An excruciating creaking sound filled the room, Omar’s wolf’s head began to narrow, to shorten, his shoulders broadened, his arms thickened. Sinew stretched and snapped. Muscles thickened, bones rearranged.

Omar was human once more. He dropped to one knee and picked something up off the floor, tucked it into his pocket, then stood proud before the leaner, taller vampire. “And he is my grandson. This was done for his own good.”

Asa couldn’t concentrate on what they were saying. His full attention was on the wolf. Its chest was still. He turned his face toward Emme. “I think he’s dead,” he whispered, his heart breaking. He couldn’t live without his wolf. Even if his wolf had spent the last few years trying to kill him, the idea of losing him was unfathomable. “I got you,” he told the wolf, though really, he didn’t feel he had him at all. Asa was lost.

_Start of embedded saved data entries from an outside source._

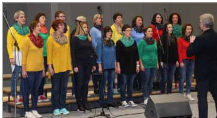
Učiteljski pevski zbor OŠ Blaža Arniča Luče
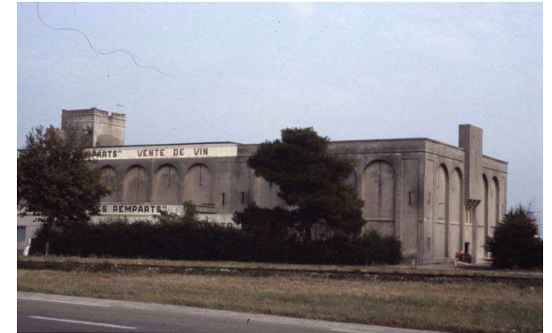
fig. 270 — La cave d'Aigues-Mortes, construite par Paul en 1913, devant les remparts classés, a été démolie en 2007.
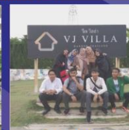
MAGANG TERINTEGRASI KKN DI THAILAND
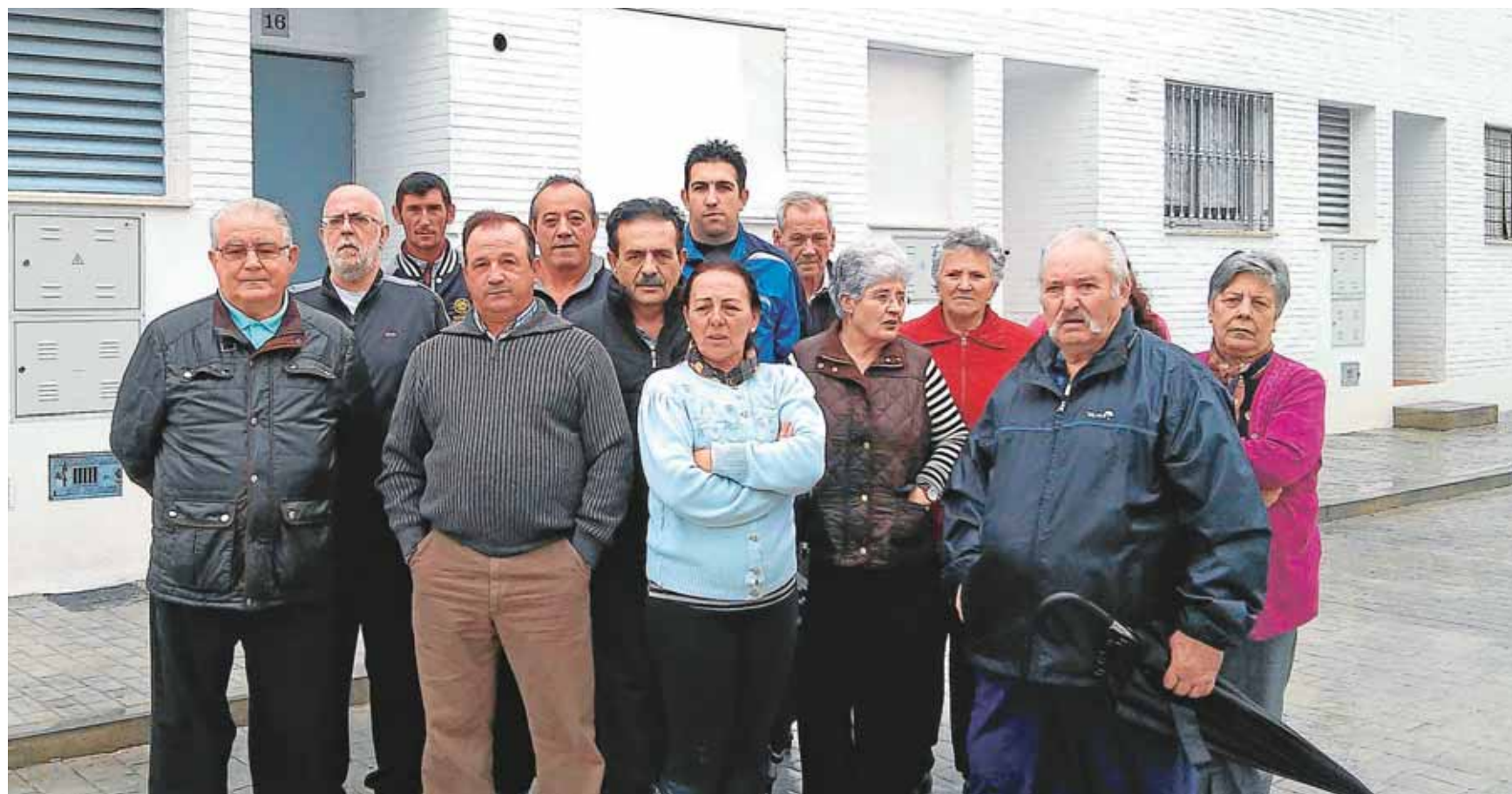
Vecinos de la barriada de los Poetas, en Estepa, frente a las casas que ardieron en 2014 y que ahora vuelven a ocupar las familias del clan de «los Chorizos»

The few newly arrived witches clustered around Adina, all with raised hands, weaving them in and around one another’s arms.

Chanting filled the room.

“What are they doing?” Emma asked Omar.

He didn’t answer. Instead, he moved closer to Magnus.

“Use my energy,” Magnus told the witches. “And his, too.” He pointed at Omar.

Emma leaned into to Asa, put her hand on his back, her other hand on the wolf’s fur. “Let me do CPR on him. I don’t think he’s breathing.”

Suddenly, she was jerked back from Asa.

He put a hand out for her, but she was beyond his reach.

And getting farther and farther, going down a tunnel, drawing to a pinpoint of light.

 

 

Chapter Twenty

 

 

“Let me go.” Emme shouldered her pistol and shoved at Omar but couldn’t budge the Ancient.

He held her fast, keeping her from helping Asa. From touching the wolf.

“You can’t help him,” Omar cautioned. “They’re rebinding their souls. The witches are putting him and his wolf back together. If you’re touching them, you will cause a fissure in the spell.”